Octave (1 toque) stands in a rather reserved setting, with its characteristic Troyes-style timber-framed villas. Its chef, Baptiste Gautier, is one of the 109 Gault&Millau 2024. This accolade recognizes the restaurant's fine cuisine at affordable prices, with a starter/main course/dessert menu at 25 euros for lunch, including sea bream ceviche with redcurrants and roasted zucchini.

  • Where? 23 Rue des Quinze Vingts, 10000 Troyes
  • Read the Gault&Millau review of Octave

Gric, in Orléans on July 9

Close to the city's Halles is the Gric restaurant (1 toque). Its young team, led by chef Marie Gricourt, livens up the heart of Orléans. The atmosphere and decor are that of a modern bistro. In terms of cuisine, the lunchtime menu costs 28 euros and the dinner tasting menu 55 euros. Comforting dishes are served, such as fillet of beef with pomme paille, hummus and morel sauce.

  • Where? 8-10 Rue des Halles, 45000 Orléans
  • Read the Gault&Millau review of Gric

DR - Studio 204

Le Cromesquis, Aurillac, July 11

Nathalie Borne and Luc Parmentier have been living in this former forge in the heart of Aurillac for almost ten years. Weekdays at Le Cromesquis (2 toques), the daily menu costs 22 euros. In the evening, he in the kitchen and she in the cellar give free rein to their imagination. Three menus are available: Saveur, Tentation and Surprise, ranging from 33 to 69 euros per person. Creations such as crab remoulade with baby vegetables and herbs are also available.

  • Where? 1 Rue du Salut, 15000 Aurillac
  • Read the Gault&Millau review of Le Cromesquis

La Table de Michel Dussau, in Agen on July 12

The road continues south, where we find Michel Dussau and his eponymous establishment. Le Grand de Demain 1999 now focuses more than ever on local producers. Like his planked red mullet fillets, served with new potatoes, artichoke bouquets, beef marrow tartine and aniseed-flavoured head juice.
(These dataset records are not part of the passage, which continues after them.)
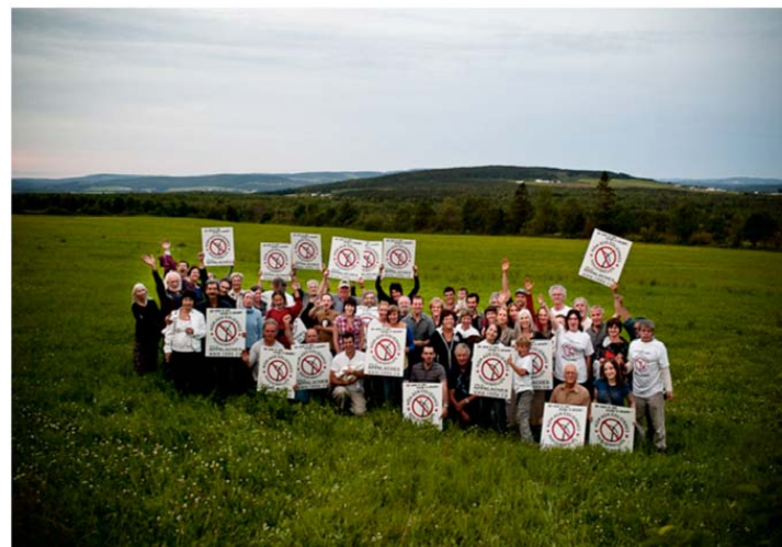
Une cinquantaine de sympathisants du RDDA posent à Vianney devant les montagnes et vallées dont ils entendent préserver l'intégrité et la beauté pour les générations présentes et futures.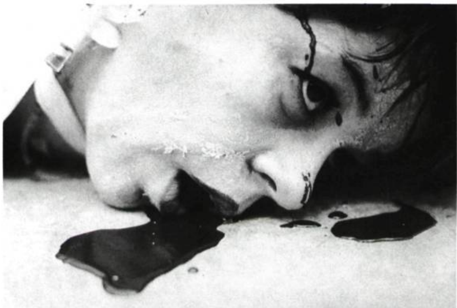
101, d'après 1984 de George Orwell. «Photographier non pas la mort mais quelqu'un en train de mourir.»

Elle résume bien l'un des deux aspects de mon travail de photographe de théâtre: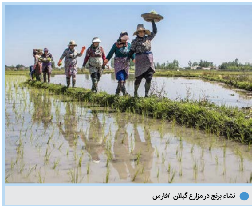
نشاء برنج در مزارع گیلان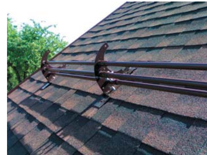
popis 12 Sněhový zachtávač křídlo č. 18 používaný do střešní šindelové krytiny s použitím tyče pod č. 28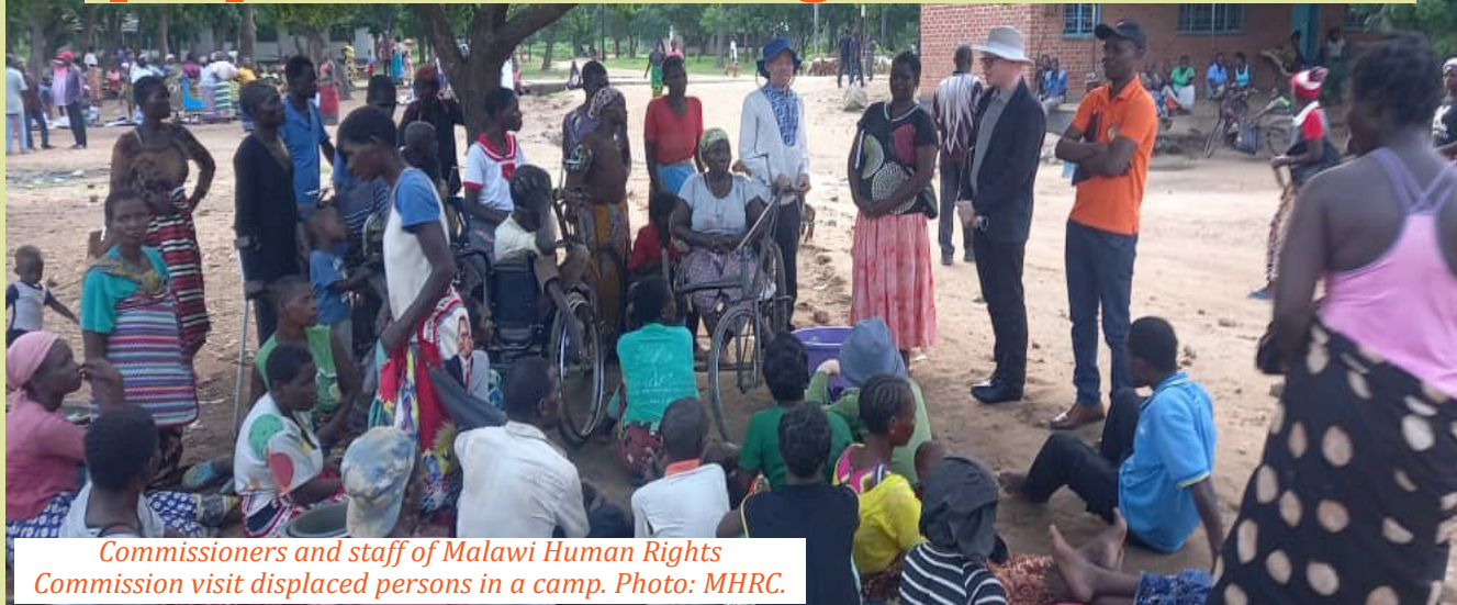
Commissioners and staff of Malawi Human Rights Commission visit displaced persons in a camp.

The effects of Cyclones Ana and Dumako left great devastating effects across the southern part of Malawi displacing over 200,000 households and leaving many others without sources of livelihoods across the 16 districts.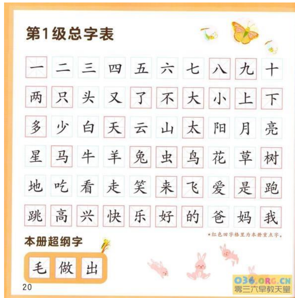
《小羊上山》 Level 1 vocabulary

Graded Readers for native Chinese speakers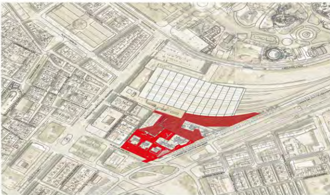
Àmbit d'actuació global (1a i 2a fase)

El projecte global d'urbanització d'aquest espai tenia com a objectiu la creació d'un espai públic per a vianants entre els edificis d'habitatges privats i l'actual edifici del Patronat Municipal de l'Habitatge (PMH) de Barcelona. Aquest espai pretén facilitar la comunicació entre els barris del Born i la Barceloneta.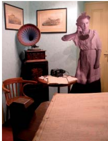
Originální expozice muzea ve Kdyni má návštěvníkům co nabídnout.

Do všech soutěžních kategorií (výstava, publikace, počin) se přihlásilo celkem 50 muzeí a galerií se 171 soutěžními projekty. Sedmičlenná odborná porota navštívila všechny přihlášené projekty osobně. Po posouzení všech předepsaných kritérií udělila v každé kategorii první tři místa a zvláštní ocenění. To dostalo i Muzeum Chodská v Domažlicích a město Kdyně. „Stála expozice ve Kdyni zaznamenává podle

La Grange, in Saint-Lary-Soulan on July 13

The Tour de France came here for the first time in 1974 and saw Raymond Poulidor win. La Grange (1 toque), what better tribute could there be to this champion son of a farmer? In his restaurant, Nicolas Aubiban promotes Pyrenean terroir. His spring lamb, with braised and grilled shoulder and garlic cream, is a testament to this.

  • Where? 13 Route d'Autun, 65170 Saint-Lary-Soulan
  • Read the Gault&Millau review of La Grange

Red - Margaret Hôtel Chouleur, in Nîmes on July 16

In the heart of the listed Hôtel Chouleur, chef Georgiana Viou officiates in the kitchens of Rouge - Margaret Hôtel Chouleur (3 toques). The "Grand de Demain" 2021 has abandoned the à la carte menu and offers two menus, called "découverte" and "dégustation", at 110 and 160 euros. Products are traced and producers are highlighted on the description, like the cold-smoked Bleu du Grau-du-Roi followed by a stew of fermented broad beans and strawberries.

Onaka, in Nice on July 20 and 21

The Tour de France of culinary universes also includes Japanese inspiration. Chefs from Japan are numerous. Like Alexis Luong, chef at Onaka (2 toques), who is one of the 109 of the 2024 edition. In a luminous, wood-panelled room, the chef offers a wide spectrum of creations that can be grouped together in his omakase menu at 70 euros per person. He is assisted by Alex Couvidat, saké sommelier for the house.

  • Where? 12 Pass. Masséna, 06000 Nice
  • Read the Gault&Millau review of Onaka

P Lattes - Marko Raguz

La Menthe Poivrée, in Gap on July 18

In the prefecture of the Hautes-Alpes, Ana and Fabien Rimasson offer their guests market cuisine. The design of the plates is also an important variable for the couple. Restaurant La Menthe Poivrée (1 toque) has two menus, at 37 and 55 euros, with dishes such as homemade smoked salmon cannelloni, served with crab, cucumber, fromage frais and kalamansi gel.